There’s a level of psychiatry to be enjoyed here, as the bonds of friendship, attraction and, inevitably love, begin to form – it’s amazing how mutual adversity can draw people together – and although I found the film a little hard to “enjoy” (perhaps the term “endure” is more appropriate) from time to time, even at the darkest, the film’s humanity shines through. Zachariah is an appreciably different film from Craig Zobel’s previous effort, the extremely provocative Compliance, but its heartbeat is just as strong character-wise so I can see why he took the project on.
One of the aspects I liked about Zachariah was its inherent stillness; there’s not a lot of “action” here other than gentle farming, hunting, gathering and watching Ejiofor’s character get shitfaced off warm beer one day. Zobel’s direction is calm and resolute, containing a storytelling strength I think a lot of other directors might have lacked were they to take on this film. Whereas other genre projects tend to be either comedic (The Last Man on Earth) or a horror show (The Walking Dead), Zachariah’s compelling aesthetic is less about survival against nature and more about surviving other people. And when there’s only three in the whole dang film, that makes for some occasionally searing moments of tension.
The cast are uniformly excellent; Margo Robbie is a revelation as she shoulders much of the film’s innocence, as Ann. Robbie’s dirt-smeared portrayal of a young survivor is weary beneath a veneer of inner strength, while Chiwetel Ejiofor’s John is the quiet achiever in the face of adversity, and both do exceptionally well conveying emotion, particularly pain and anguish, with minimal dialogue. Z For Zachariah is a film that relies mostly on looks, glances, hidden subtext behind the eyes, than it does with apoplectic outbursts of frustration or rage. Chris Pine’s skittish Caleb, who appears friendly but brings out suspicions in John, is where the film lurches from a slow moving character piece to a suspiciously dramatic thriller, albeit one that remains glacial in speed. Pine has done whacked-out nutty, in Joe Carnahan’s Stretch, so his can-he-be-trusted, shifty sketchiness is rather restrained here, but he’s great in the part bringing unevenness to Ann’s relationship with Loomis.
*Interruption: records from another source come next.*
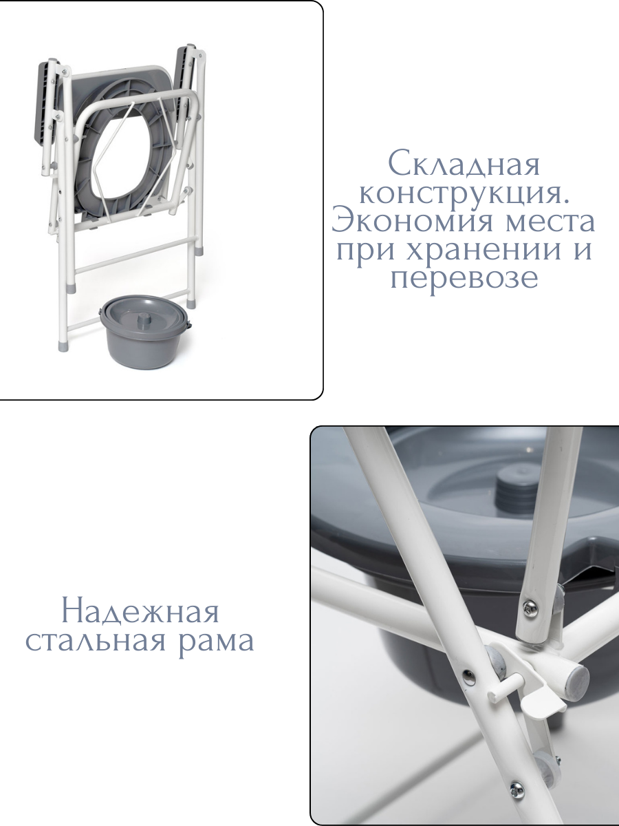 | Особенности | использование в качестве стула / откидываемая крышка / противоскользящие наконечники ножек / противоскользящие подлокотники / регулировка высоты сиденья / съемное санитарное оснащение |
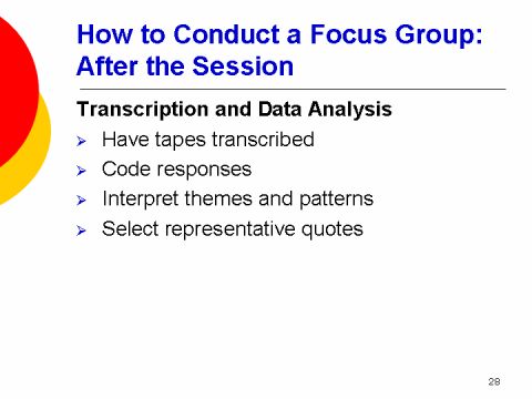 How to Conduct a Focus Group: After the Session, cont'd 2
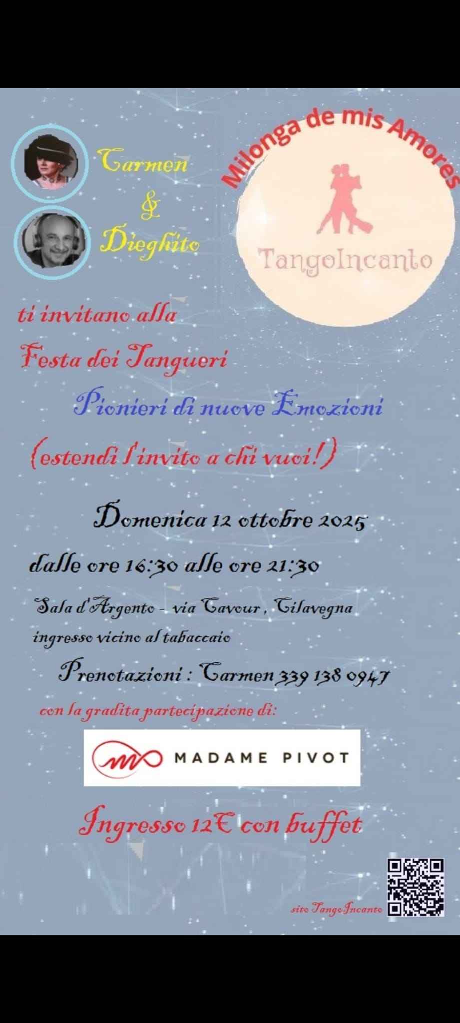 Carmen y Dieguito vi invitano alla Festa dei Tangueri Pionieri di nuove emozioni Estendi l’invito a chi vuoi tu!! Domenica 12 Ottobre 2025 Dalle ore 16:30 alle ore 21:30 Sala d’argento – Via Cavour – Cilavegna >Ingresso vicino al tabaccaio< Prenotazione Carmen : 3391380947 Durante la serata esposizione scarpe Madame Pivot Ingresso 12€ compreso di buffet.
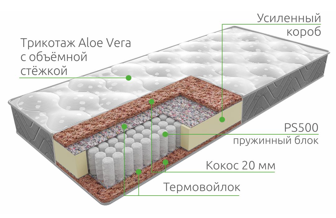 Жёсткость достигается за счёт 2 см плит латексированной кокосовой койры с каждой стороны пружинного матраса Hard 2.
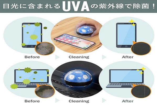地上に届く日光に含まれる紫外線によって、キーボード、マウス、スマートフォンなどの電気機器、メガネやジュエリーのようなアクセサリー、鍵、ペン、本など、今まで洗えなかった小物のバイ菌を最大99.999%以上、キレイ除去します。

I really liked Z For Zachariah, with its sense of quiet amid the sorrow. It’s a moving, at times electric piece of survivalist cinema, led by the trio of actors all working with their screen-time to bring out the best in both themselves and each other. Zobel’s direction is fluently solid, a commanding effort behind the camera to bring the characters to life beyond mere genre archetypes. You feel these people’s heartbreak, you don’t just see it. Now, some folks will have issues with the slow moving nature of the narrative, but I think Zachariah’s chief selling point is giving us the time to get to know these characters – much like Zemeckis’ Cast Away, which gave us Tom Hanks on an island for a solid hour or two, alone, Zachariah’s focus on character over situation or violence is where its great strength lies. Your appreciation of that will vary, no doubt, but I think it’s a strong film and a worthy entry into the apocalyptic canon.